◆ WHAT IS REQUIRED
With the pictures omitted, repeat exactly the lines below starting with the line that has "宣德炉的制作数量在历史上是有" and going on through the line that has "Originální příslušenství k".

◆ DATA FOR THE TASK
----

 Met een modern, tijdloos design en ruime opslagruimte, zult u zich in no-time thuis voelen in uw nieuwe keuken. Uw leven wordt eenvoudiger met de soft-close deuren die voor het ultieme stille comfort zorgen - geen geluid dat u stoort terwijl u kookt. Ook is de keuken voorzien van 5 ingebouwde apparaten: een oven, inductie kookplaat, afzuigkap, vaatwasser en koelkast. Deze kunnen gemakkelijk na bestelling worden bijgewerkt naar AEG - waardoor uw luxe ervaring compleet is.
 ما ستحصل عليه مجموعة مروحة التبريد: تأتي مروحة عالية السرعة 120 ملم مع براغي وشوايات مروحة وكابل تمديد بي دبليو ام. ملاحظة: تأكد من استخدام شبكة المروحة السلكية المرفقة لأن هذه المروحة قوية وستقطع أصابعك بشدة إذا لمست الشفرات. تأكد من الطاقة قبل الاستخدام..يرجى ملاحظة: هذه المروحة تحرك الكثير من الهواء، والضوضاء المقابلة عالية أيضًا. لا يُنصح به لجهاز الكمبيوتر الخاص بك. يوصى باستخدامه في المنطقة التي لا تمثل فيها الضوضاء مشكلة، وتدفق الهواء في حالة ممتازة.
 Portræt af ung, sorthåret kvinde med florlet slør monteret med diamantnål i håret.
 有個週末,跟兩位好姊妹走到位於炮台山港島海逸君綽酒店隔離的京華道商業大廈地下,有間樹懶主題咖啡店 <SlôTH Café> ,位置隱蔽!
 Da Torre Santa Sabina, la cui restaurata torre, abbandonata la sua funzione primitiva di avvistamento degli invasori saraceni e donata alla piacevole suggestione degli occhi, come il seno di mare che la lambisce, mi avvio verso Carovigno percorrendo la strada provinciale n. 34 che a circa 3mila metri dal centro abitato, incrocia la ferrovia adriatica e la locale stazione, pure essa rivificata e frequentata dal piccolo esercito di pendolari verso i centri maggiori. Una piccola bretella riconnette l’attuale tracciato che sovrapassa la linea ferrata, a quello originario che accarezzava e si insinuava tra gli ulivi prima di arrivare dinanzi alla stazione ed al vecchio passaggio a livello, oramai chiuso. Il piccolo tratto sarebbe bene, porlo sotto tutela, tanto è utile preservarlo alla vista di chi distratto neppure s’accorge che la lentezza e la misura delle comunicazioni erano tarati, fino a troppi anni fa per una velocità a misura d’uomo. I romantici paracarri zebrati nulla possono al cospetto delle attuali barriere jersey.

----

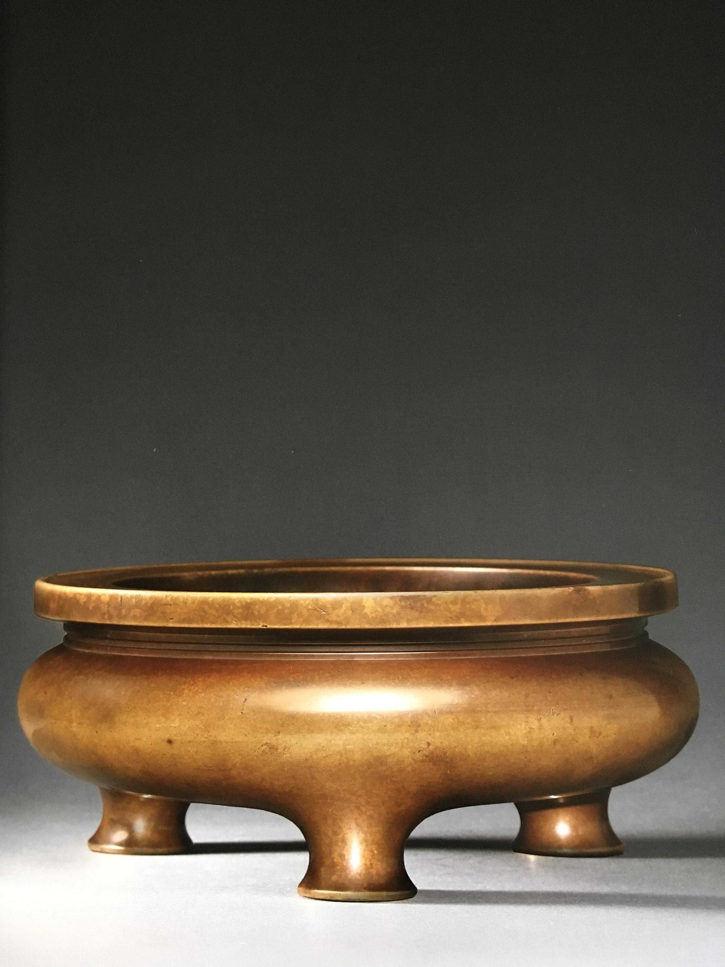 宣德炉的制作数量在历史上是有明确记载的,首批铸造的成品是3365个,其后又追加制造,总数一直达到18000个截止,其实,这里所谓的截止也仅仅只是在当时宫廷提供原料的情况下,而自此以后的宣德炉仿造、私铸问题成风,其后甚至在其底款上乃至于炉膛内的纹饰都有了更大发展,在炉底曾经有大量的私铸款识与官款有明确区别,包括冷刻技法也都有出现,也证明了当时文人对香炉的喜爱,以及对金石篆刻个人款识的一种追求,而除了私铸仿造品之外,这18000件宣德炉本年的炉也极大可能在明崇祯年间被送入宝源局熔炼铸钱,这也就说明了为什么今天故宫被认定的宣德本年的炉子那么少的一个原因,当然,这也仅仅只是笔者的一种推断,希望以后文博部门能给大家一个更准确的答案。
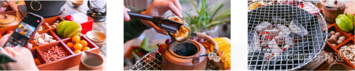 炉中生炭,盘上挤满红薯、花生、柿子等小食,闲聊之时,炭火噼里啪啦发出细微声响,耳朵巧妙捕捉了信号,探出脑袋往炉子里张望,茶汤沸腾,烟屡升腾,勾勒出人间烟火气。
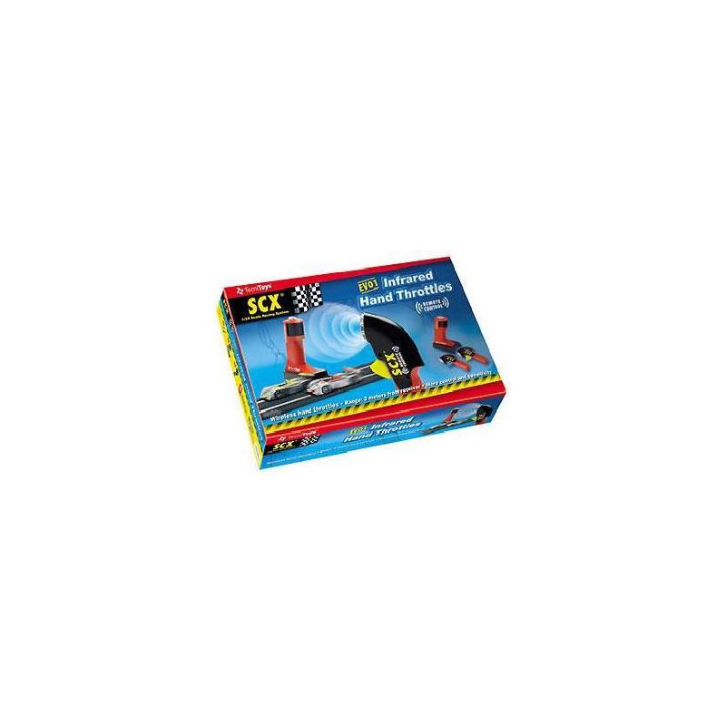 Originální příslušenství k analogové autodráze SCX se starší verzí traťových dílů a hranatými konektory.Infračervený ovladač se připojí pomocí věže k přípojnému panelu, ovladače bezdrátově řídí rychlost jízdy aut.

----

◆ OUTPUT BELOW
 宣德炉的制作数量在历史上是有明确记载的,首批铸造的成品是3365个,其后又追加制造,总数一直达到18000个截止,其实,这里所谓的截止也仅仅只是在当时宫廷提供原料的情况下,而自此以后的宣德炉仿造、私铸问题成风,其后甚至在其底款上乃至于炉膛内的纹饰都有了更大发展,在炉底曾经有大量的私铸款识与官款有明确区别,包括冷刻技法也都有出现,也证明了当时文人对香炉的喜爱,以及对金石篆刻个人款识的一种追求,而除了私铸仿造品之外,这18000件宣德炉本年的炉也极大可能在明崇祯年间被送入宝源局熔炼铸钱,这也就说明了为什么今天故宫被认定的宣德本年的炉子那么少的一个原因,当然,这也仅仅只是笔者的一种推断,希望以后文博部门能给大家一个更准确的答案。
 炉中生炭,盘上挤满红薯、花生、柿子等小食,闲聊之时,炭火噼里啪啦发出细微声响,耳朵巧妙捕捉了信号,探出脑袋往炉子里张望,茶汤沸腾,烟屡升腾,勾勒出人间烟火气。
 Originální příslušenství k analogové autodráze SCX se starší verzí traťových dílů a hranatými konektory.Infračervený ovladač se připojí pomocí věže k přípojnému panelu, ovladače bezdrátově řídí rychlost jízdy aut.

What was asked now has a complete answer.